Nous Research, the brains behind the open-source Hermes agent, is reportedly closing in on a fresh funding round led by Robot Ventures, with USV and other big-name investors tagging along, at a valuation of $1.5 billion. Three people in the know say the startup is raising at least $75 million, and apparently had to beat investors off with a stick. Nous declined to comment, while USV and Robot Ventures played hard to get.

The company was founded in 2023 by Jeffrey Quesnelle, Karan Malhotra, Ryan Teknium, and Shivani Mitra. Before this round, it had already scooped up $70 million from the likes of Paradigm, Robot Ventures, North Island Ventures, OSS Capital, and Balaji Srinivasan, per Crunchbase.

Weeks after OpenClaw's agent went viral, Nous fired back with Hermes, its own competitor. Unlike OpenClaw, which runs locally on a PC, Hermes ships with built-in “skills” like web search, coding, and image understanding, and it learns from users automatically to build more skills without manual intervention.
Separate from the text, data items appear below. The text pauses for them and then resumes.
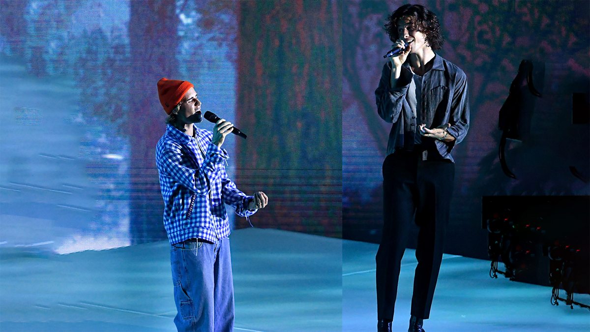 (Photo: Justin Bieber and Shawn Mendes perform at the 2020 American Music Awards, in Los Angeles. Credit: Kevin Winter/Getty Images)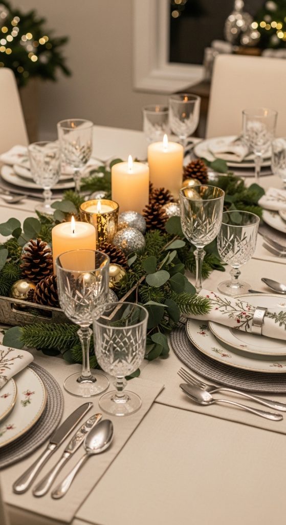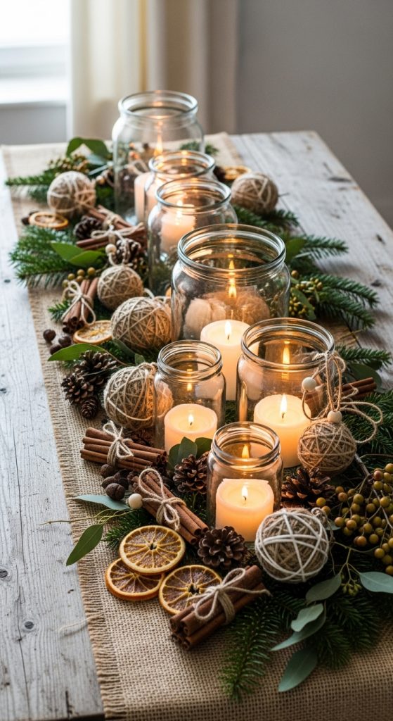 - Combine elements like candles, pinecones, ornaments, and greenery.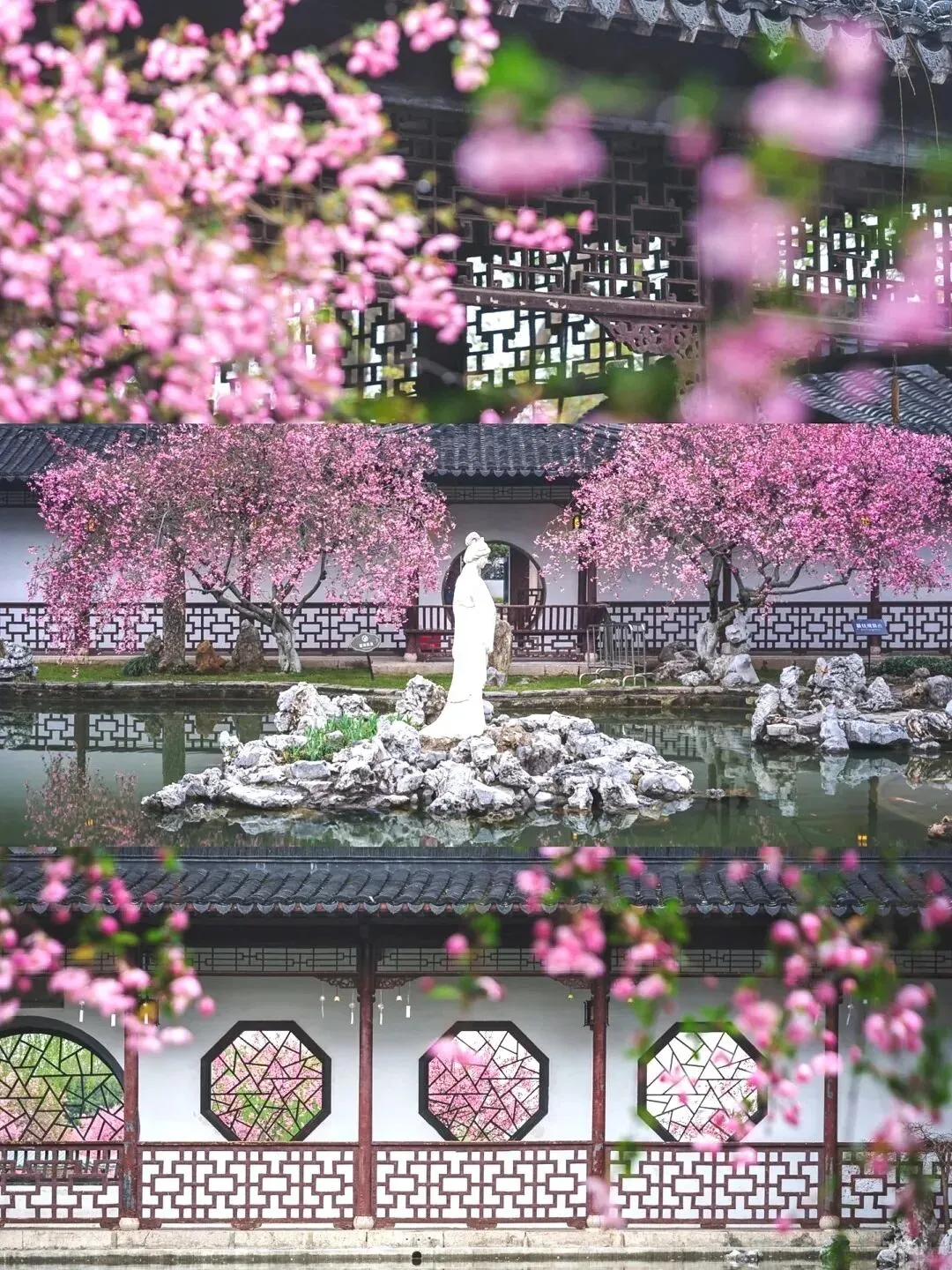 3月中下旬进入盛花期,垂丝海棠和西府海棠登场,莫愁女雕像配海棠,是经典打卡机位,预计2026年3月中下旬迎来最佳观赏期。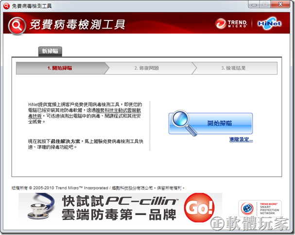 Hinet上面提供的是中文版的Housecall掃描工具,因此相當容易使用,如果有掃描到病毒還可以進行修復,是個相當好用的服務。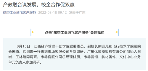 8月15日,学校党委委员、副校长熊运儿和飞行技术学院副院长宋琦、徐剑锋一行来到中航通用飞机有限公司考察调研。详情如下: https://mp.weixin.qq.com/s/E8JEjGs96556QyX4x66sIg

Because who has time to teach their AI? The startup has also released language models focused on coding and math, because those are definitely the only things that matter.

Like OpenClaw, users can automate tasks with Hermes and chat with it in apps like Telegram and Discord. These tools have become wildly popular for running AI agents remotely and 24/7, because your AI should never sleep.

Hermes has amassed a massive following on GitHub with roughly 214,000 stars and nearly 40,000 forks. Developers can run it on a desktop or a virtual private server. But for those allergic to setup, Nous offers a cloud-hosted version with paid tiers from $20 to $200 a month. Because nothing says “open source” like a subscription fee.

Sources say the new funding will help expand Hermes’ products and business model further. Translation: more skills, more servers, more money.